Again, the sum of all the weights is 1.0 (assuming that 1/3 + 1/3 + 1/3 expressed as decimals equals 1):

0.333 + 0.333 + 0.333 = 0.999 = 1.0

If the distance from the block centroid to each sample is now the same, the weights will change. For example, in the view below, the distance from each sample to the block centroid is now 3, but you are still using the same anisotropy ellipsoid:

The calculation of the weights is as follows:

Axis Sample Value Sample
Bearing
Sample Dip Actual
Distance
Anisotropy
Factor
Anisotropic
Distance
Weight
Major 5 90 0 3 1 3 0.74
Semi-Major 25 0 90 3 2 6 0.18
Minor 10 180 0 3 3 9 0.08

The calculation of the block value is:

( 5 * 0.74 ) + ( 25 * 0.18 ) + ( 10 * 0.08 ) = 9.0

Again, the sum of all the weights is 1.0 :

0.74 + 0.18 + 0.08 = 1.0

Ellipsoid visualiser

Using our previous example where you have a major/minor anisotropy ratio of 3, and a major/semi-major anisotropy ratio of 2, you would get an ellipsoid, but you need to establish the orientation of the ellipsoid. In Surpac, this can be accomplished in several different ways, including the "Surpac" method.  The examples which follow use the "Surpac" method, which encompasses the following three terms:

Term Min Max Description
Bearing of major axis 0 360 azimuth of major axis in XY plane
Plunge of major axis -90 90 dip above or below horizontal plane
Dip of semi-major axis -90 90 rotation of semi-major axis around major axis

The Ellipsoid Visualiser is a tool which can assist you to understand the orientation of the anisotropy ellipsoid.  You will now use it to create several anisotropy ellipsoids, and save them as Surpac string files.

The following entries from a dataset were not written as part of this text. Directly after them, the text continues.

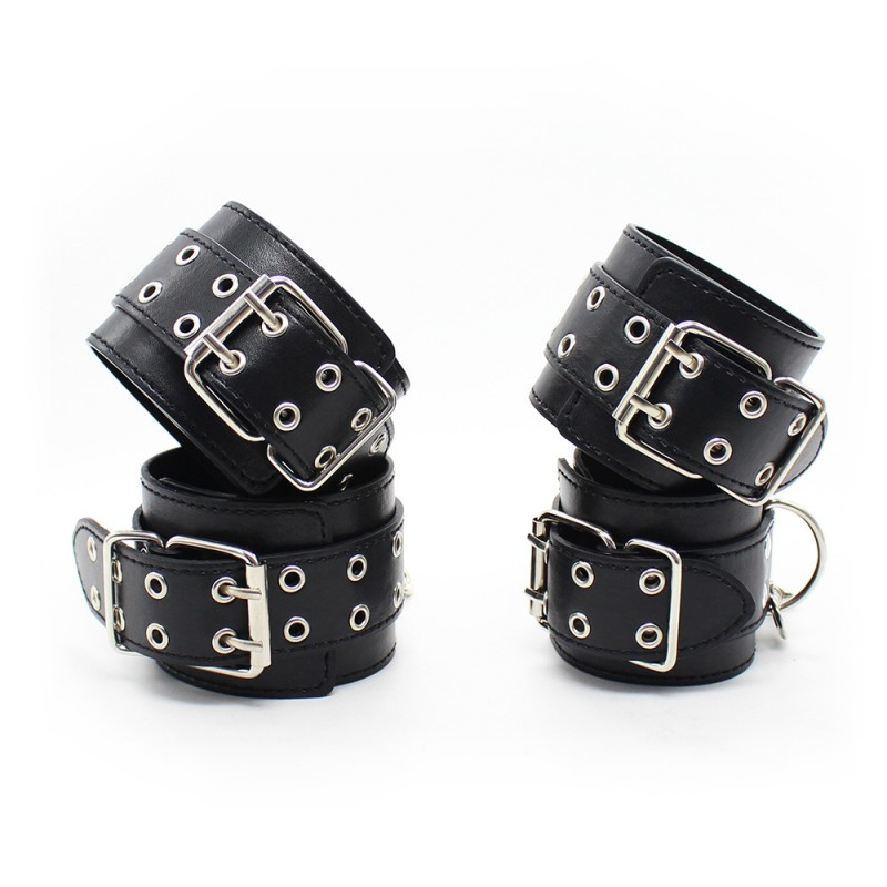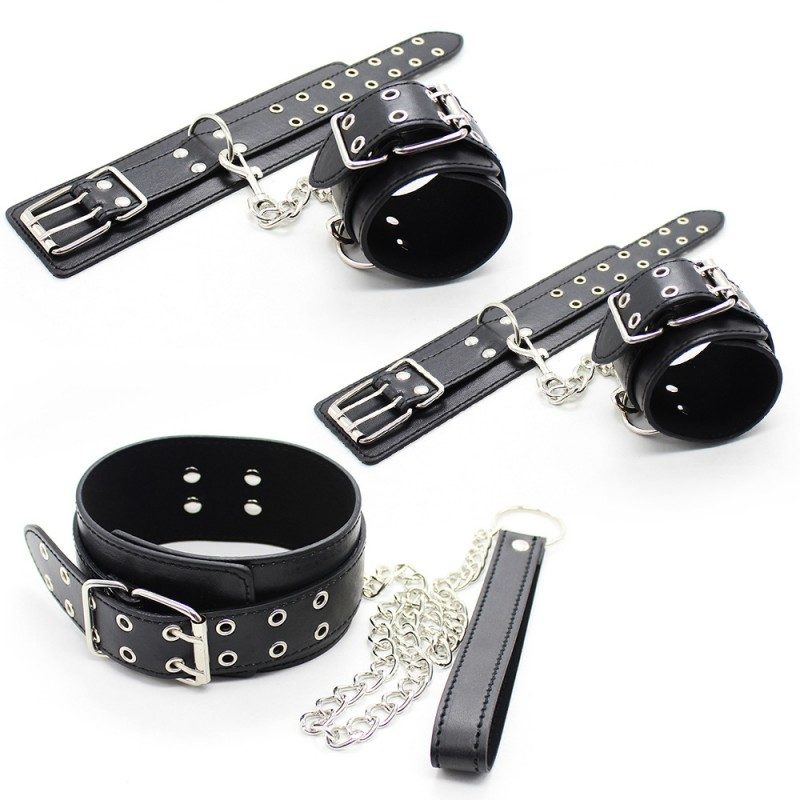 Набір з чорних наручників, наножників та нашийника з повідцем. Розмір регулюється.
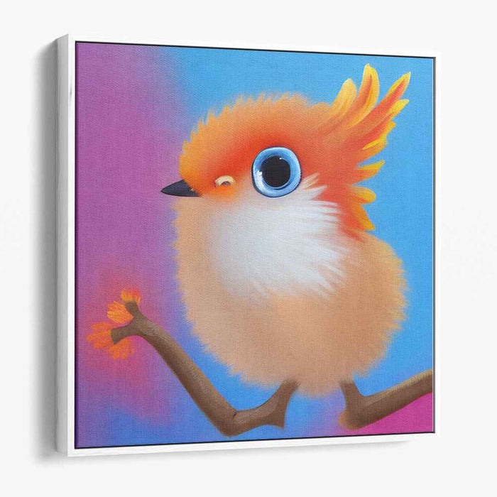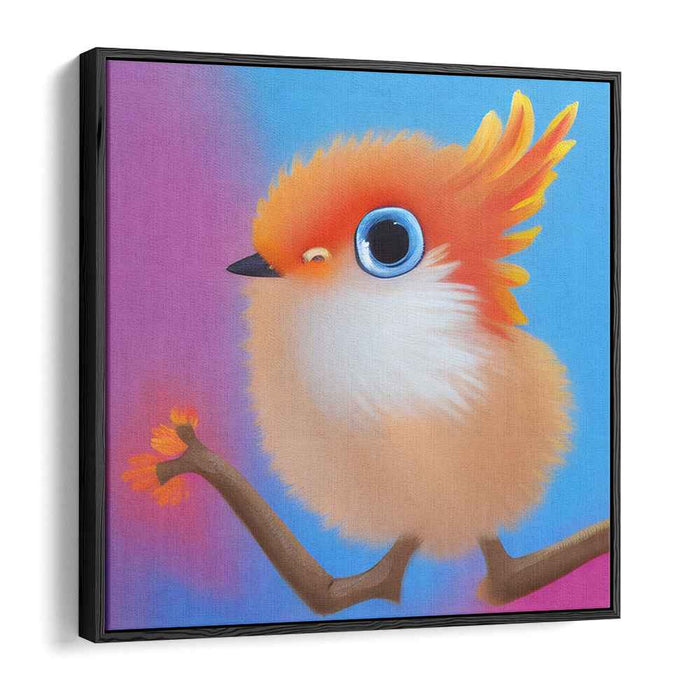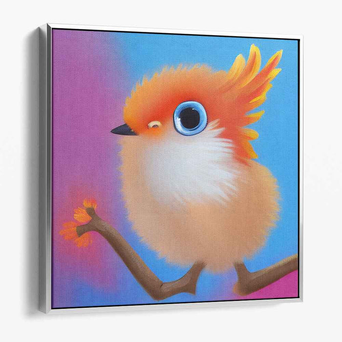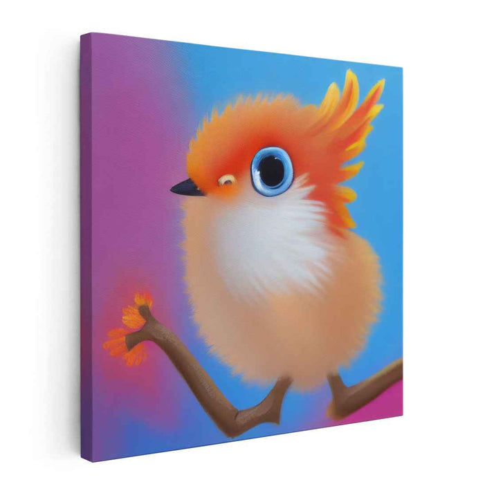 Introducing 'Whimsical Delight: Fluffy Orange Bird on a Branch,' a captivating canvas art print that brings to life the enchanting charm of a vibrant bird perched delicately on a slender branch. This whimsical artwork captures a moment of joy and wonder, perfect for spaces in need of a touch of color and fantasy.
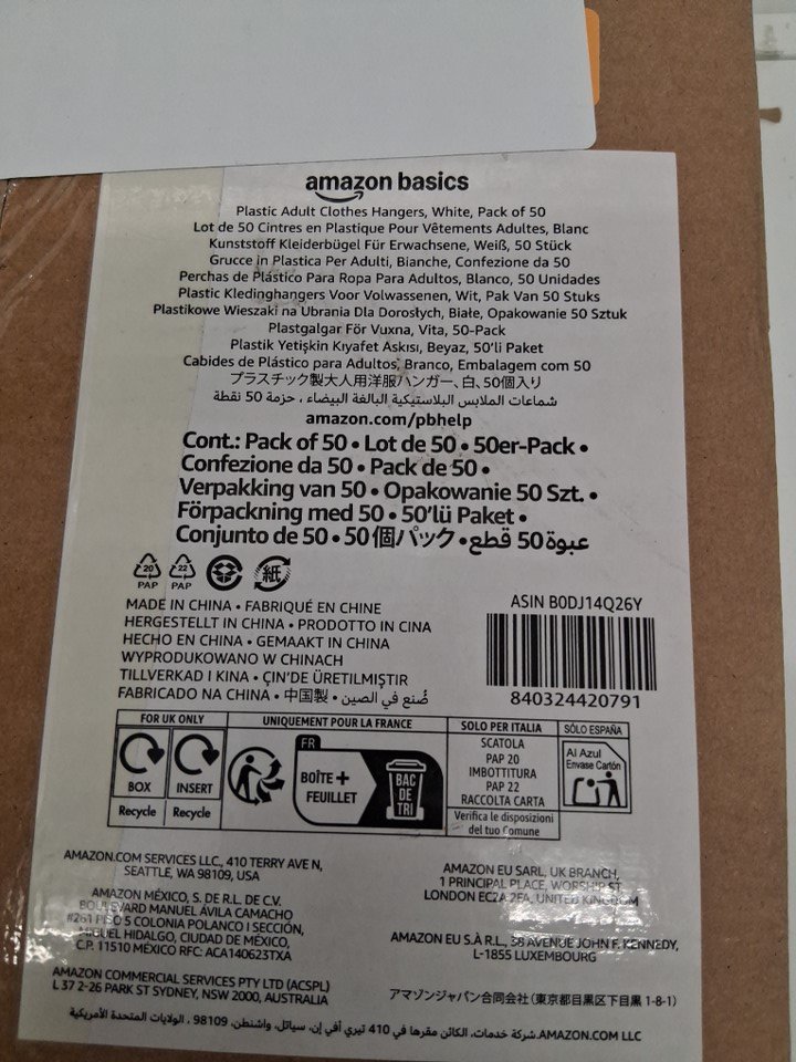 50PK AmazonBasics Plastic Clothes Hangers - adult size - White
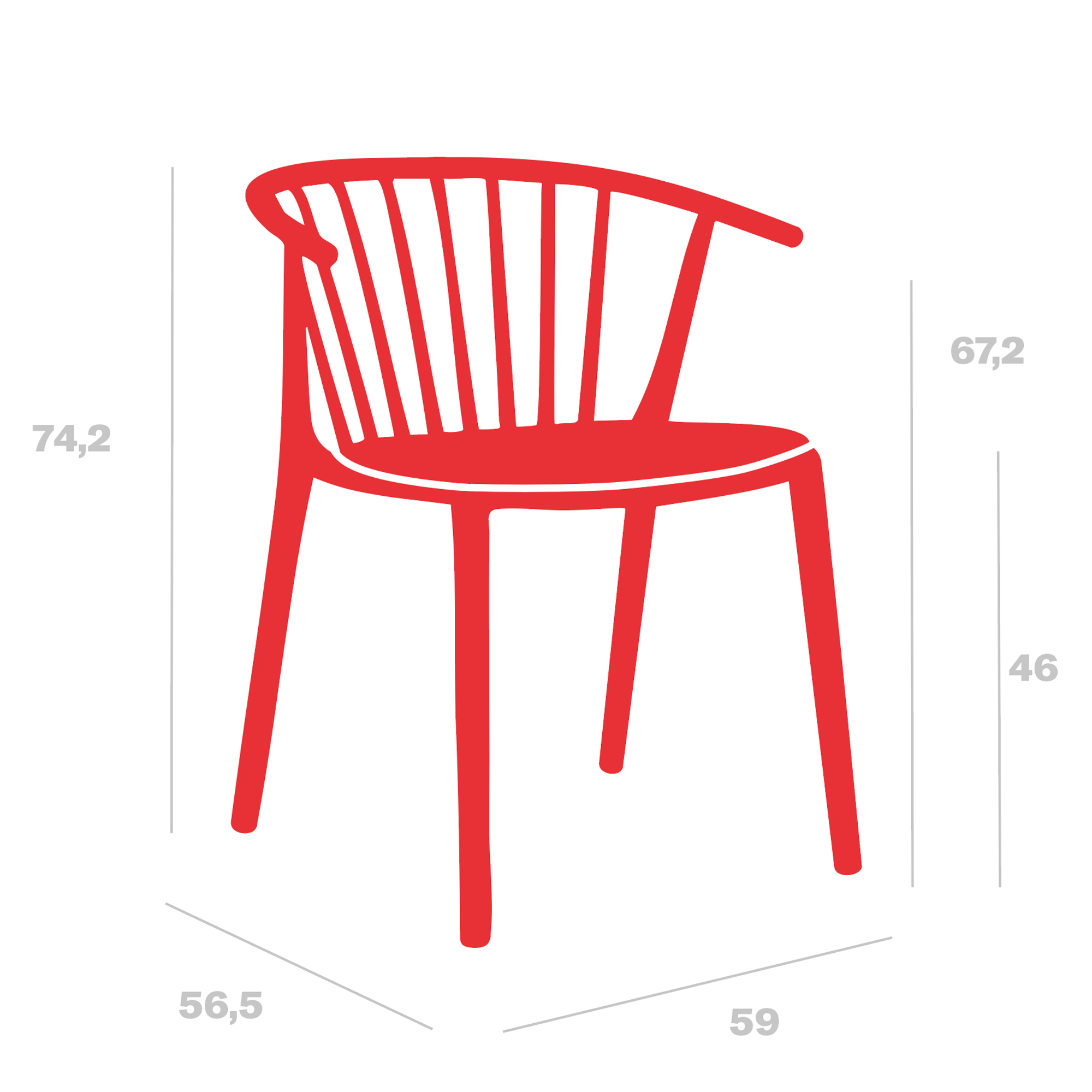 Silla con brazos para uso interior y exterior. Inyectada en fibra de vidrio con PP. Apilable. Protección UV. Peso neto 4,4 kg.
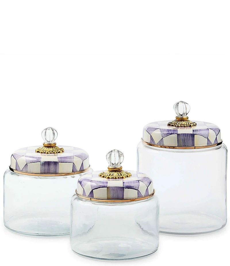 From MacKenzie-Childs, this canister features: Keep countertops tidy in MacKenzie-Childs style with the Check Kitchen Canister Glass canister and heavy-gauge enameled steel lid rimmed in bronzed stainless steel with glass and brass accents Collect all three convenient sizes. (each sold separately) Pieces may vary due to the handmade nature of each product Glass is dishwasher safe Hand-wash enamel lid and dry immediately MacKenzie-Childs enamelware exceeds both federal food safety regulations and California's Proposition 65, the strictest environmental safety standards in the U.S. Handle enamelware with care and discontinue use for food service if it becomes chipped, cracked, or broken Each measures: Small approx. 6.5" dia., 7" tall, 48 oz. capacity Medium approx. 7" dia., 8" tall, 64 oz. capacity Large approx. 7" dia., 9.5" tall, 96 oz. capacity Imported.
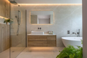 Adding a few well-chosen plants or wooden accessories can make a bathroom feel warmer and more inviting. Our team works with clients to integrate these elements seamlessly, so the space feels cohesive rather than cluttered.
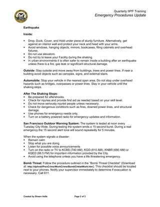 This document provides guidance on emergency procedures for a facility. It outlines key details staff should know, such as how occupants will be notified of emergencies, the designated place of refuge, locations of emergency equipment like fire extinguishers and supplies, and evacuation routes including alternate exits. Scenarios covered include responding to fires, earthquakes, bomb threats, and suspicious items. Staff are instructed to ask their supervisor for any facility-specific procedures and plans.
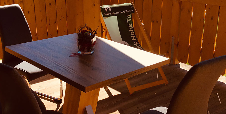 25 m2 BALKON mit Tisch, Sitz- und Liegemöbel
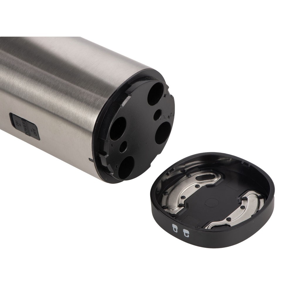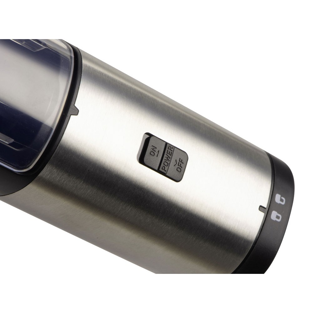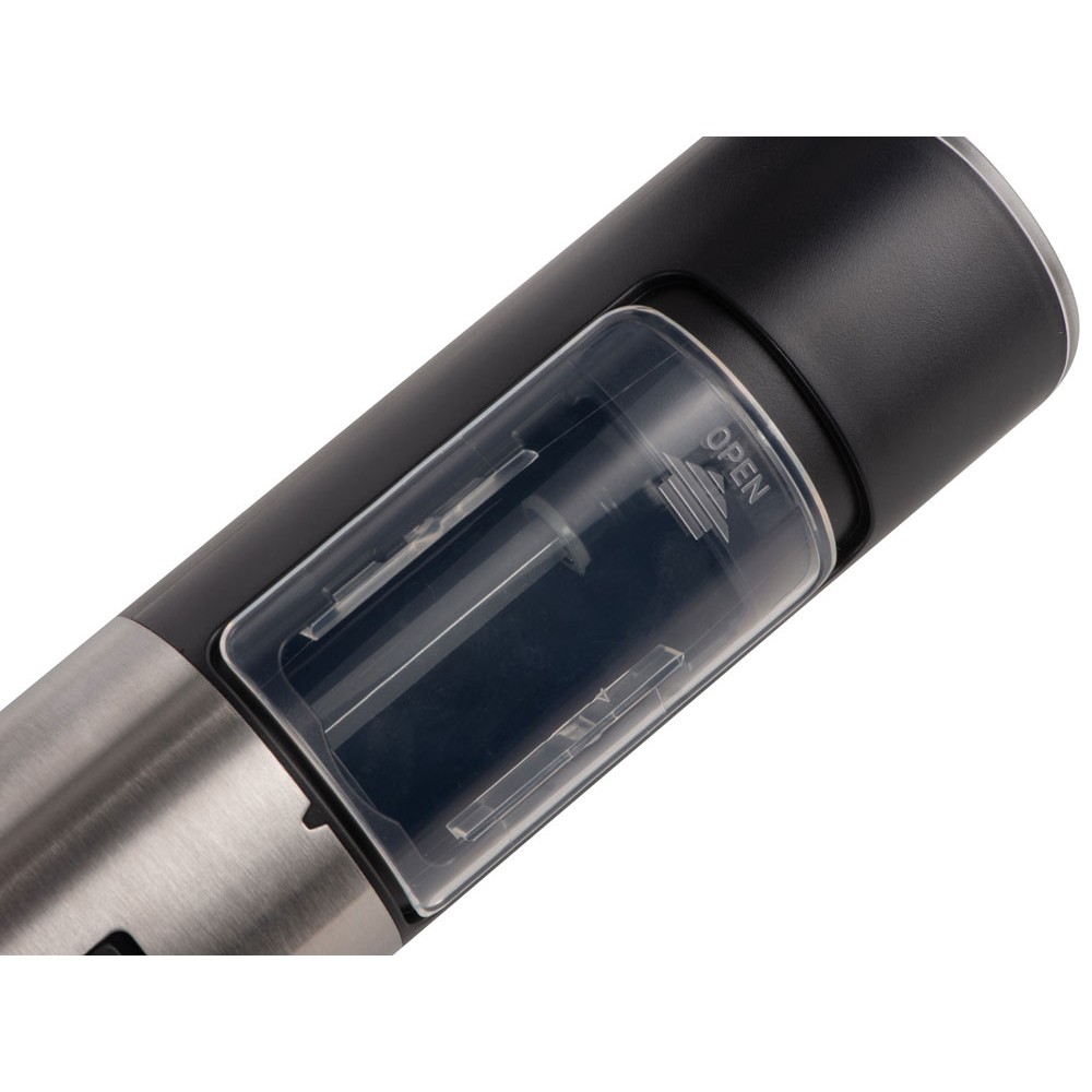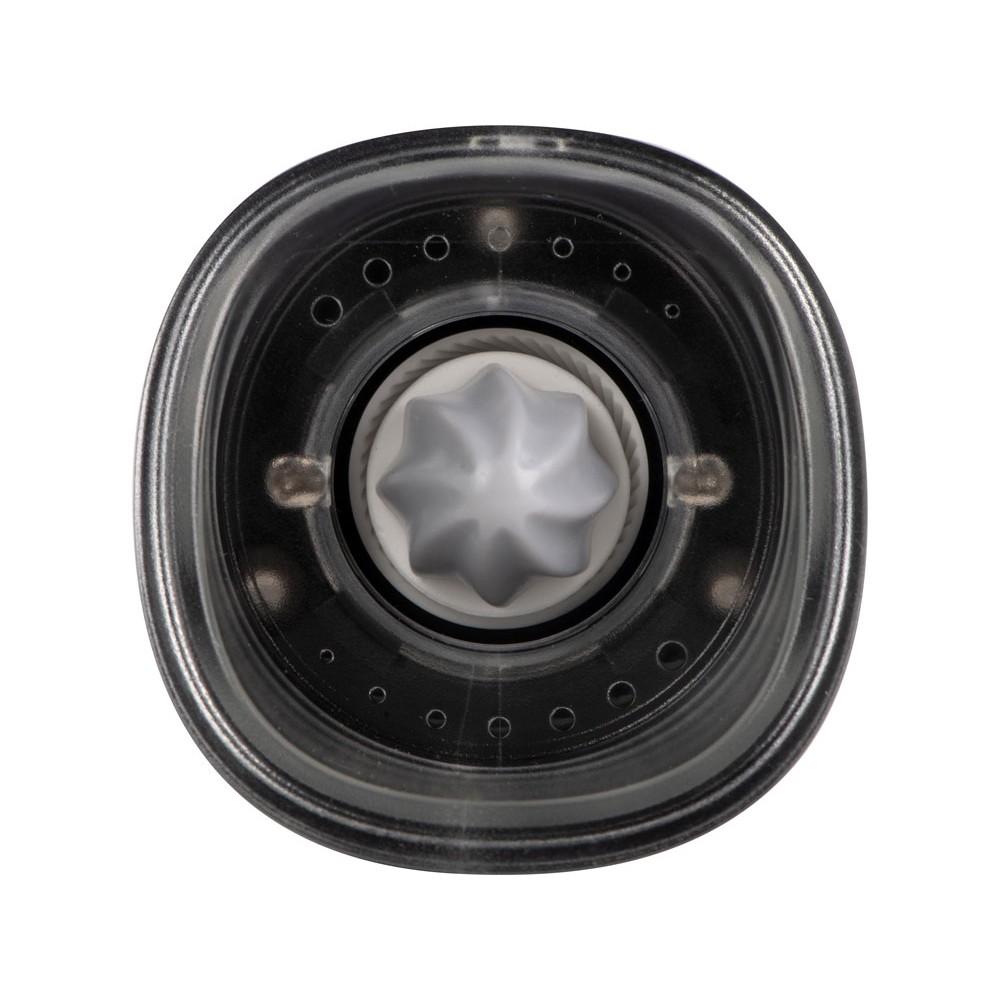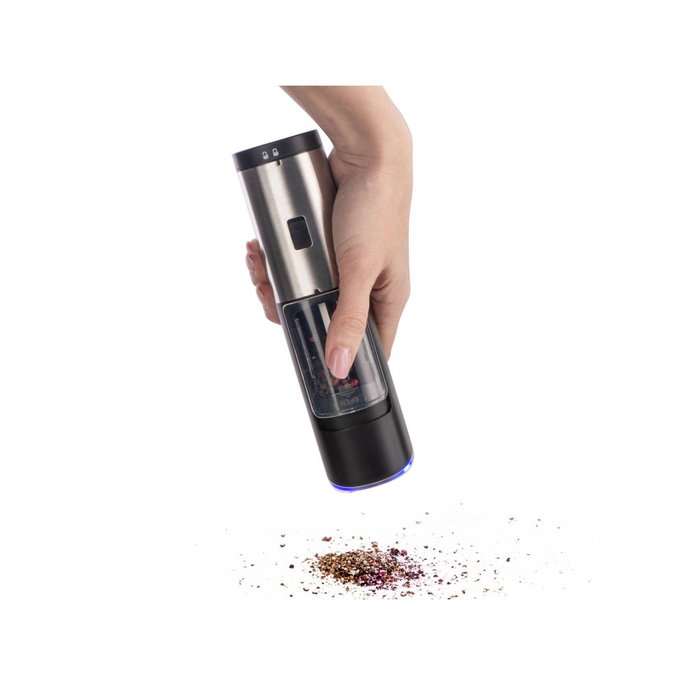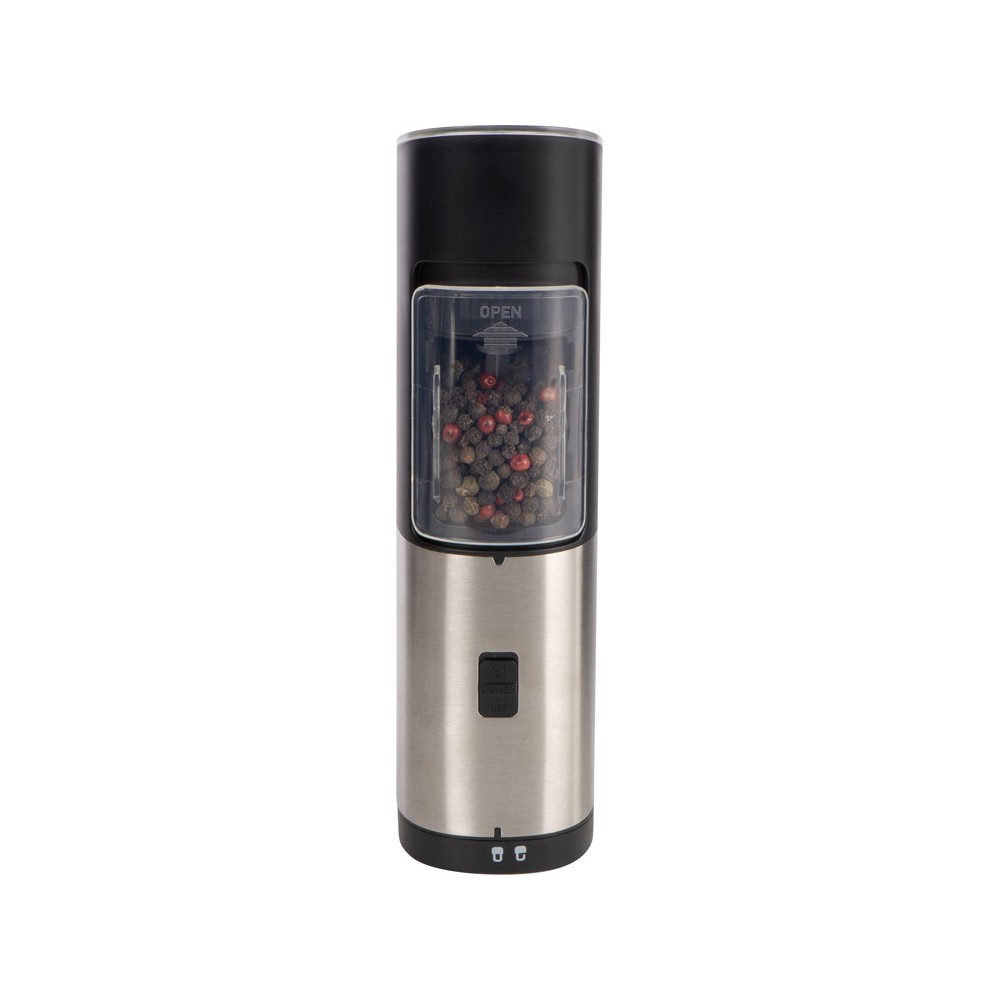 Мельница включается лишь в перевернутом положении, что позволяет снизить расход батареек и решает проблему случайного срабатывания устройства. Эргономичный корпус выполнен из нержавеющей стали и текстурного АБС-пластика.

Task: Display anisotropy using the ellipsoid visualiser

  1. Choose Geostatistics > Ellipsoid visualiser.
  2. For each example below:

  3. Enter the values of bearing, plunge, and dip.
  4. Click and drag the image of the ellipsoid to rotate it.

Example #1:

You could use this ellipsoid to estimate gold values within a vertical vein that has strike: 90 degrees and dip: 90 degrees.

Bearing of major axis 90
Plunge of major axis 0
Dip of semi-major axis -90
Major/semi-major anisotropy ratio 2
Major/minor anisotropy ratio 3

3D View

Looking down on XY plane

major/minor anisotropy ratio: 3

Looking north at XZ plane

major/semi-major anisotropy ratio: 2

Looking west at YZ plane

dip of semi-major axis: 90

Example #2:

This ellipsoid could be used to estimate values within a horizontal coal seam or other data from flat-lying sedimentary rocks, where continuity within the seam is the same in the XY plane (major/semi-major anisotropy ratio: 1), but the continuity is significantly less in the vertical direction.

Bearing of major axis 0
Plunge of major axis 0
Dip of semi-major axis 0
Major/semi-major anisotropy ratio 1
Major/minor anisotropy ratio 5

3D View

Looking down on XY plane

major/semi-major anisotropy ratio: 1

Looking north at XZ plane

dip of semi-major axis: 0

Looking west at YZ plane

major/minor anisotropy ratio: 5

Example #3:

This ellipsoid could be used to estimate values from a kimberlitic diatreme, or diamond-bearing "pipe" type ore body, which plunges to the south at a dip of 60 degrees below the horizontal.

Bearing of major axis 180
Plunge of major axis -60
Dip of semi-major axis 0
Major/semi-major anisotropy ratio 3
Major/minor anisotropy ratio 3

3D View

Looking down on XY plane

major/semi-major anisotropy ratio: 3

Looking north at XZ plane

dip of semi-major axis: 0

Looking west at YZ plane

major/minor anisotropy ratio: 3

Example #4:

This ellipsoid could be used to estimate values from an epithermal vein, with strike of 50 degrees and dip to the southeast of 60 degrees below the horizontal, where continuity within the vein is the same in all directions (major/semi-major anisotropy ratio: 1).

Bearing of major axis 50
Plunge of major axis 0
Dip of semi-major axis -60
Major/semi-major anisotropy ratio 1
Major/minor anisotropy ratio 3

3D View Looking down on XY plane

Looking north at XZ plane Looking west at YZ plane

Example #4(continued)

Looking horizontally along strike: az 50 degrees, dip 0

Note dip of semi-major axis is -60 degrees

major/semi-major anisotropy ratio: 1

Looking downdip: azimuth 140 degrees, dip -60

Note major axis is along strike, semi-major is downdip

major/minor anisotropy ratio: 3

Menu commands:

Select... to...
Geostatistics > Ellipsoid visualiser view the ellipsoid.